Es enttäuscht, dass kaum Quellenwerke für die Bilder genannt werden. Keine Bibliographie bietet nach Kulturräumen gegliedert die kunstgeschichtlich-archäologische Grundlagenliteratur, ob-wohl das Literaturverzeichnis am Ende des Buches solche Werke nennt. Für Mesopotamien mag die Liste in A. Nunn, Der Alte Orient. Geschichte und Archäologie, WBG 2012, 197 ff., als Orientierung dienen.
Ist es Keels Einfluss, dass die Aufgaben der schweizerischen Autoren, Thomas Staubli und Regine Hunziker-Rodewald, das Bild am stärksten gewichten?
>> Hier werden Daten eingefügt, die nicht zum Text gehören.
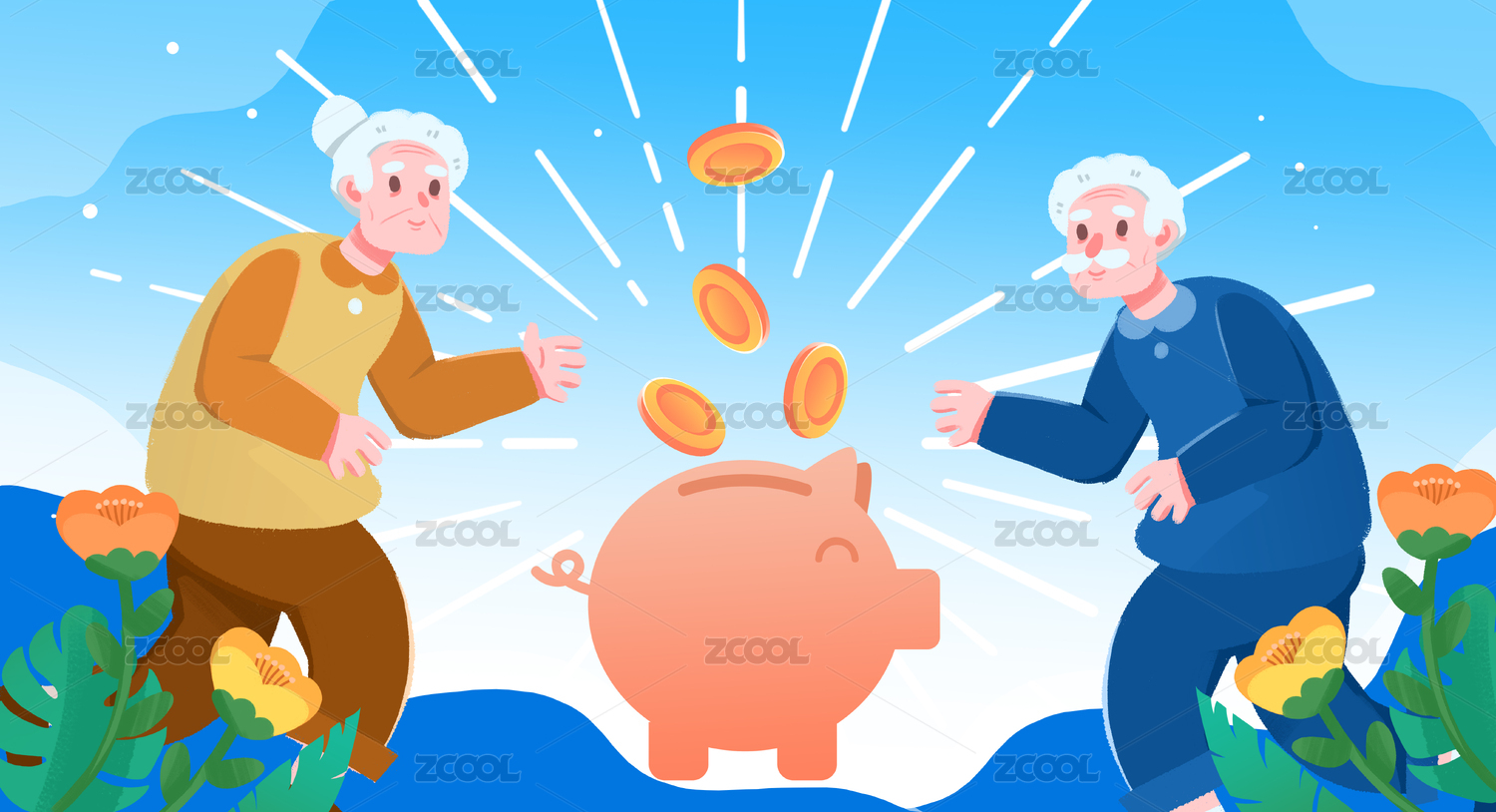 老人健康老年夫妻养老保险亲子游敬老日插画

Man soll im Bild mit Strichen und Pfeilen die visuelle Syntax markieren (101), durch sorgfältige Durchsicht von Beispielsammlungen Abbildungen eines ikonographischen Motivs aufspüren (180) oder eine Bildkollage zu Hab 3, Jes 6 oder Ez 1 erstellen (346).
Lehrreich ist jeder der Beiträge. Das Buch ist zu begrüßen. Es sei ihm breite Rezeption unter Lehrenden und Lernenden der alttestamentlichen Exegese vergönnt.